In the present invention, unless explicitly specified and limited otherwise, the terms "mounted," "connected," "secured," "disposed," and the like are to be construed broadly and may be, for example, fixedly connected, detachably connected, or integrally formed; can be mechanically or electrically connected; can be directly connected or indirectly connected through an intermediate medium, or can be communicated between two elements or the interaction relationship between the two elements. The specific meaning of the above terms in the present invention can be understood by those of ordinary skill in the art according to the specific circumstances.

Example 1

As shown in fig. 1, a space utilization measuring and calculating method based on machine learning includes the following steps:

Step 100: and shooting to obtain a plurality of empty images of the space to be tested when the goods are not stored.

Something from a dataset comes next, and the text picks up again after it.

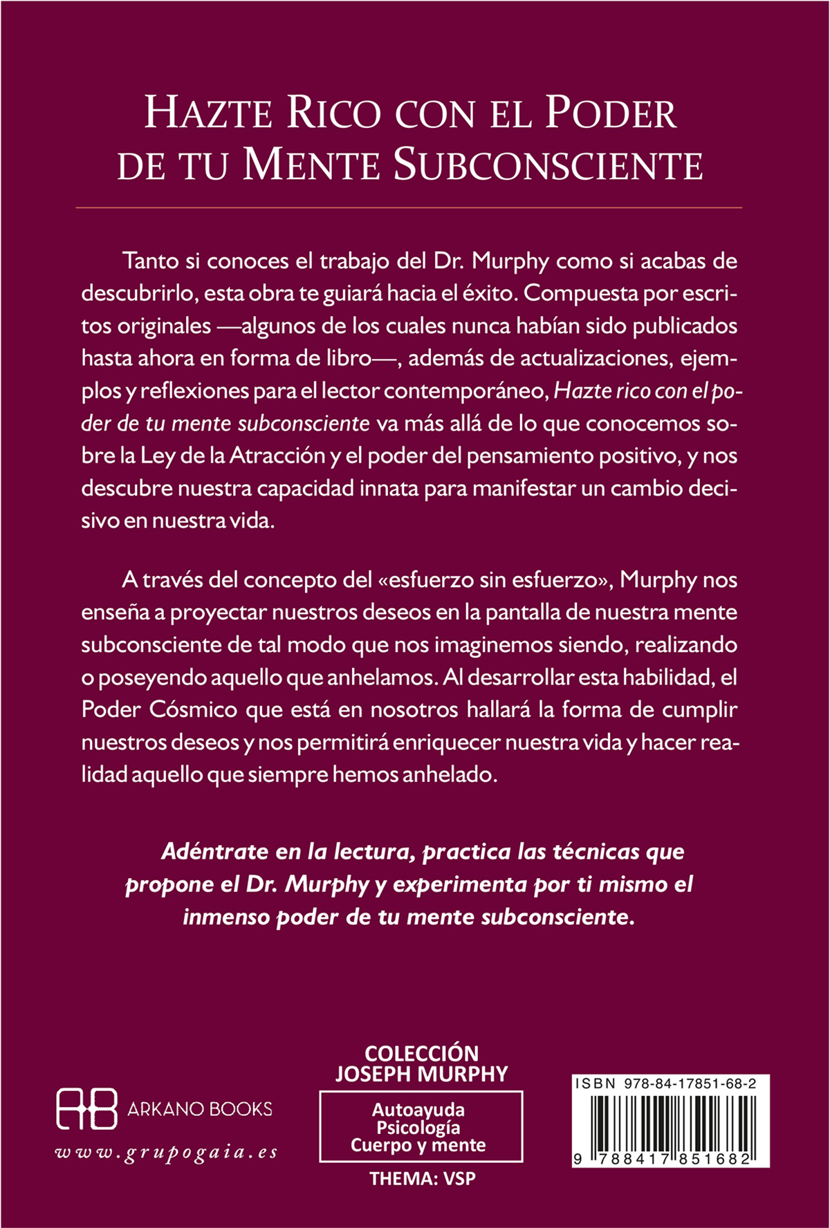 Tanto si conoces el trabajo del Dr. Murphy como si acabas de descubrirlo, esta obra te guiará hacia el éxito. Compuesta por escritos originales —algunos de los cuales nunca habían sido publicados hasta ahora en forma de libro—, además de actualizaciones, ejemplos y reflexiones para el lector contemporáneo, Hazte rico con el poder de tu mente subconsciente va más allá de lo que conocemos sobre la Ley de la Atracción y el poder del pensamiento positivo, y nos descubre nuestra capacidad innata para manifestar un cambio decisivo en nuestra vida.

In this step 100, the empty image is obtained by installing a camera in the space to be measured, and shooting the space to be measured in which the cargo is not stored with the camera. The installation position of the camera should specifically consider the size and shape of the space to be measured and whether the space to be measured is an open space or a closed space, for example, the installation position of the camera may be front, rear, left, right, left front, right front, left rear or right rear of the space to be measured, and the installation position of the camera should be a little higher, so that the camera can capture the whole space to be measured to the greatest extent from above the space to be measured, and the camera should be at least capable of capturing the other side of the space to be measured opposite to the installation position thereof.

The idle image is preferably an RGB full-color image, and can be a single-channel image or a multi-channel image.

And preferably, the plurality of idle images are obtained by shooting the space to be detected by the camera under different illumination conditions. And shooting the space to be detected without the stored goods under different illumination conditions by the camera at the same installation position to obtain a plurality of empty images of the space to be detected under different illumination conditions, so that background recognition errors caused by different illumination conditions are eliminated in subsequent recognition training of image backgrounds.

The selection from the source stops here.